Most church denominations today ordain women as pastors, elders, and deacons. The Presbyterian Church in America, the denomination to which I belong, is not one of them, and for this reason we, and a few other like minded ones, are increasingly held in disdain by people both within and without the professing church. Those denominations which refuse to ordain women are viewed, at best, as out of touch with reality or at worst as misogynists.

Why do we not ordain women? Is it because we think women to be inferior to men? Is it because we think women cannot lead, are too weak emotionally or spiritually to handle tough pastoral issues? These questions hardly deserve a response, for surely we believe women equal to men and there are some wonderful examples of women leaders today in the marketplace and political world who are doing an outstanding job.

No, there is only one reason we do not ordain women and that’s because God clearly, without equivocation, forbids it. Any honest exegesis of the New Testament must admit this. Paul, in his letter to Timothy, is instructing him on how he is to lead the church in Paul’s absence. He gives Timothy numerous mandates, and in I Timothy 2 he takes up the issue of who is to lead in public worship. In verse 8 he says that certain men, the context would suggest elders, are to lift up holy hands (unpolluted hands) in prayer, expressing utter dependence upon God for grace to lead the congregation, removing any taint of anger or reprehensible thought (our word dialogue) which could mislead the people of God.

Paul then takes up the issue of women in public worship. Keep in mind that Paul has nothing to say about women in the workplace or politics. He is limiting his remarks to public worship. He says four things about women in public worship, two positively stated, and two negatively stated.

Women are to adorn themselves with proper clothing, modestly and discreetly. The Greek word for modesty has the idea of shying away from anything shameful. Thus women are to refrain from dress in public worship which could bring shameful thoughts to others who see such women in worship services. He goes on to say that they are not to braid their hair or wear gold, pearls, or costly garments. Philo, a Greek scholar who lived in the late first century A.D., said that harlots in that day wore their hair in elaborate braids, placing gold and pearls in their hair, wearing pearls on their ears, necks, and wrists. We also know that pearls in Paul’s day were worth three times what gold was worth.
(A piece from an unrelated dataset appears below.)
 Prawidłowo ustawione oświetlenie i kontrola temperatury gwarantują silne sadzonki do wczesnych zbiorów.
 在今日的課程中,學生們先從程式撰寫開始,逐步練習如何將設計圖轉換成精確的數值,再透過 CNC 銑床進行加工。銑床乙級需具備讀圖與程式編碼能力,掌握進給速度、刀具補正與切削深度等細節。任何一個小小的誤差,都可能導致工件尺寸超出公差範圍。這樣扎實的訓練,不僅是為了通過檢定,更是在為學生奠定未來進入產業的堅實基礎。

We also know that the very wealthy would spend 7000 denarii for dresses (one denarius equalled a day’s labour), and even the more middle class wore dresses which cost 800 denairi. Paul was concerned that elaborate dress in public worship was drawing attention away from Christ onto certain women. He also was concerned that those without the means to purchase such attire would feel excluded from the community of faith. In contrast, Paul says that the primary focus ought to be, not on a woman’s outward attire, but on her inner beauty made manifest in good works.
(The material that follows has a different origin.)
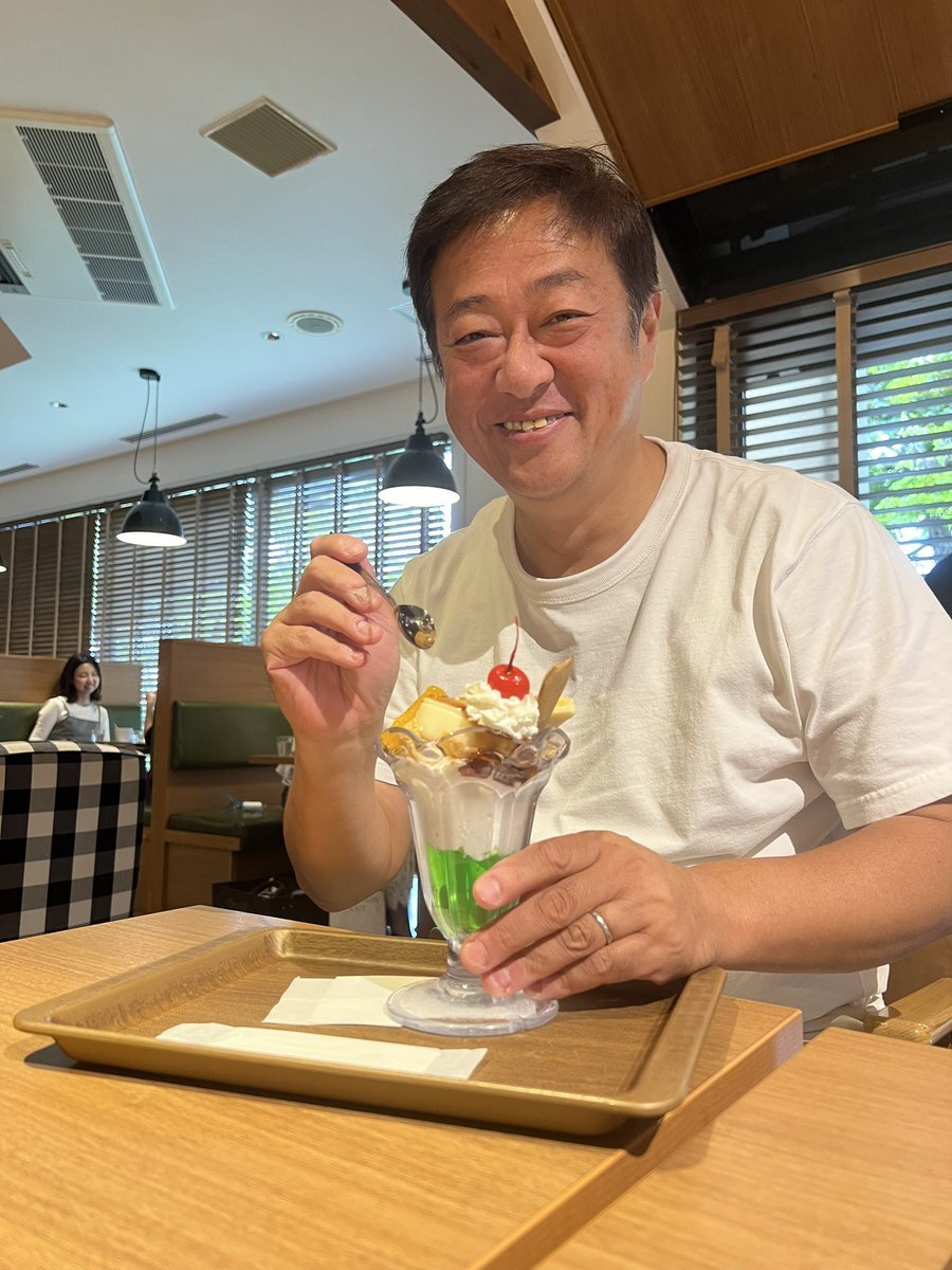 家族でお出かけの帰りすがら、パフェが食べたいという娘のオーダーで、サンマルクさんに寄りました。佐々木はプリンアラモードのパフェを頂きました。#赤磐市 #赤磐市議会 #佐々木ゆうじ pic.x.com/UoI35Lk2q4

But then Paul makes what many consider a controversial statement. He commands women quietly to receive instruction in public worship with entire submissiveness. He is even more explicit in the next verse where he commands women not to teach men or to exercise authority over a man, but to remain quiet. He says something similar in 1 Corinthians 14:34, 35. Why would Paul say this, especially in light of Galatians 3:28 where he says that all are one in Christ, whether slave or free, Jew or Greek, male or female?

He gives two reasons for this, verses 13, 14. He goes back to creation, reminding us that God first created Adam, and some time later, He then created Eve. The clear meaning is that Eve was created in a subordinate position. Not an inferior or secondary position, but one subordinate to her husband. Paul writes the same thing, in connection with the Godhead, in 1 Corinthians 11:3, saying that Christ is the head of man, and man is the head of a woman, and God is the head of Christ. Clearly Christ is in a subordinate position to the Father, but this in no way detracts from Jesus’ authority or identity. Likewise the woman. In other words, a woman ought to do what she was created to do, to serve her husband, to be in a subordinate position in the church (elsewhere he says the same thing about the family, Ephesians 5:22ff). As William Hendriksen put it, “A bird cannot live under water, a fish cannot live on land, and a woman ought not think she can lead in the church. She is not created by God for such work”.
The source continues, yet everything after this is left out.